Hub proteins localized in the nucleus, cytoplasm and cell membrane.
| protein | Uniprot | HPRD | PPI | keyword | length | %ID | LID | TM | domains | function | process | step | IDEAL |
|---|---|---|---|---|---|---|---|---|---|---|---|---|---|
| Tyrosine-protein kinase Fyn | P06241 | 655 | 154 | P/Nb | 537 | 16 | 86 | 0 | 3 | PK | sphingolopid | 1 | |
| RAC-α serine/threonine-protein kinase (Akt1) | P31749 | 1261 | 117 | P/Ac/U/Nb | 480 | 0 | 3 | 0 | 3 | PK | HIF-1 | 2 | IID00412 |
| Glycogen synthase kinase-3 β | P49841 | 5418 | 73 | P/Nb | 420 | 16 | 35 | 0 | 1 | PK | Wnt | 2 | IID00052 |
| Protein NDRG1 | Q92597 | 5586 | 61 | P/Ac | 394 | 21 | 83 | 0 | 1 | RP | stress | ||
| Tyrosine-protein kinase BTK | Q06187 | 2248 | 56 | P/Ac/T/Nb | 659 | 6 | 40 | 0 | 5 | PK | NF-κΒ | 2 | |
| Guanine nucleotide-binding protein G(i) subunit α -1 | P63096 | 756 | 50 | 354 | 3 | 7 | 0 | 1 | MD | cGMP | 1 | ||
| Receptor tyrosine-protein kinase erbΒ-2 | P04626 | 1281 | 46 | P/T/Av | 1255 | 28 | 262 | 46 | 3 | R-PK | ErbΒ | 0 | IID00293 |
| Protein kinase C ε type | Q02156 | 1500 | 45 | P/Nb | 737 | 4 | 31 | 0 | 4 | PK | sphingolopid | 3 | IID00066 |
| Peripheral plasma membrane protein CASK | O14936 | 2164 | 37 | P/Nb | 926 | 14 | 43 | 0 | 5 | SC | adhension | ||
| Catenin δ-1 | O60716 | 3026 | 22 | P/Ac/T | 968 | 48 | 357 | 0 | 1 | RB | Wnt | 1 |
Abbreviations: Uniprot, Uniprot accession; HPRD, HPRD ID; PPI, number of PPIs; in the keyword column, P, phosphoprotein; Ac, acetylation; U, Ubl conjugation; T, transcription; Nb, nucleotide-binding; %ID, percentage of IDR; LID, length of the longest IDR; TM, length of the predicted trans-membrane regions; domains, number of domains; in the function column, PK, protein kinase; RP, response protein; MD, Modulator in signaling pathways; R-PK, receptor type protein kinase; SC, scaffold protein; RB, receptor binding; in the process section, sphingolipid, sphingolipid signaling pathway; HIF-1, HIF-1 signaling pathway; Wnt, Wnt signaling pathway; stress, stress response; NF-κΒ, NF-κΒ signaling pathway; cGMP, cGMP-PKG signaling pathway; ErbΒ, ErbΒ signaling pathway; adhesion, cell adhesion; step, number of steps from the cell membrane in KEGG pathway maps; IDEAL, IDEAL identifier.
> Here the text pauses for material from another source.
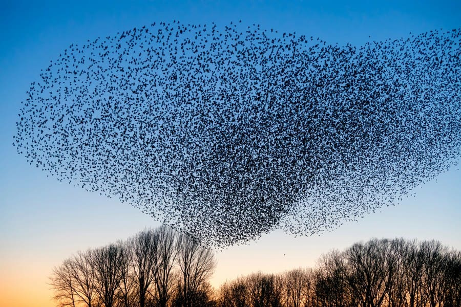 Starlings gather in huge flocks called murmurations. Thousands of birds shift direction in near-perfect unison. Experts note that each starling tracks a small number of neighbors to match speed and angle. These local interactions generate a swirling cloud that evades predators like hawks.
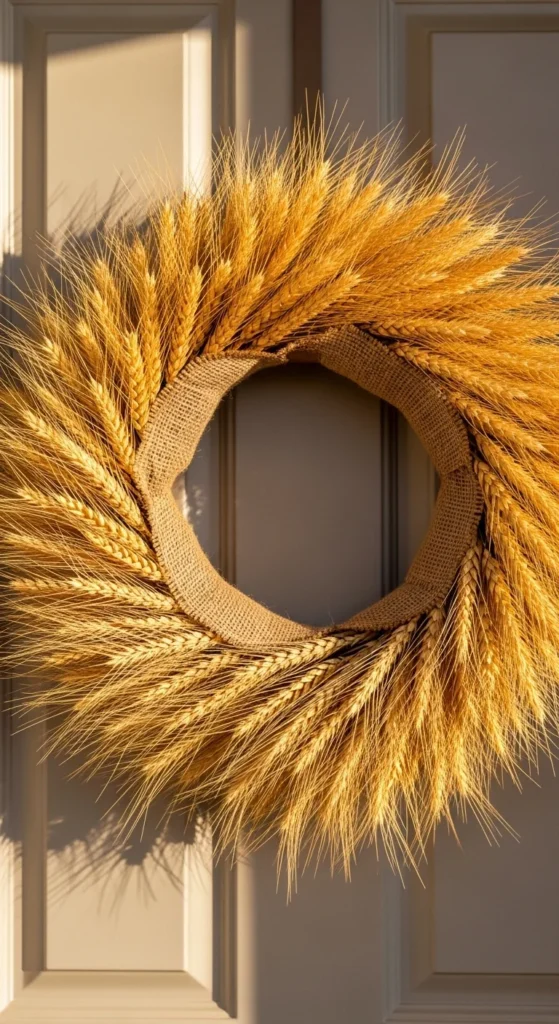 A wheat wreath brings farmhouse calm to your entry. Pick up dried wheat bundles and secure them around a foam ring. Angle the pieces in the same direction to create movement. Wrap a wide burlap ribbon near the bottom for structure. The colors look warm and inviting without feeling busy. This wreath works well for large doors because wheat fills space easily. If you want it fuller, add a double layer. It lasts all season with no upkeep.

Fig 5Venn diagrams showing the overlap of the proteins that undergo post-translational modifications multiple times (mPTM) [27], and the multiple-localized hub proteins.
The mPTM proteins were obtained from Supplementary File 2 of [27]. We regarded mPTM proteins as proteins that undergo PTM more than once (exactly speaking, the classification group symbol in the File is at least 2), and did not decompose further classifications. Proteins with PTM that were not annotated in the File were disregarded. A. Detailed classification. The small circles in NCP and CMP are the proteins with PTM* × Transcription* (TC*) and those with PTM’ + Nucleotide-binding (Nb), respectively. B. Schematic classification.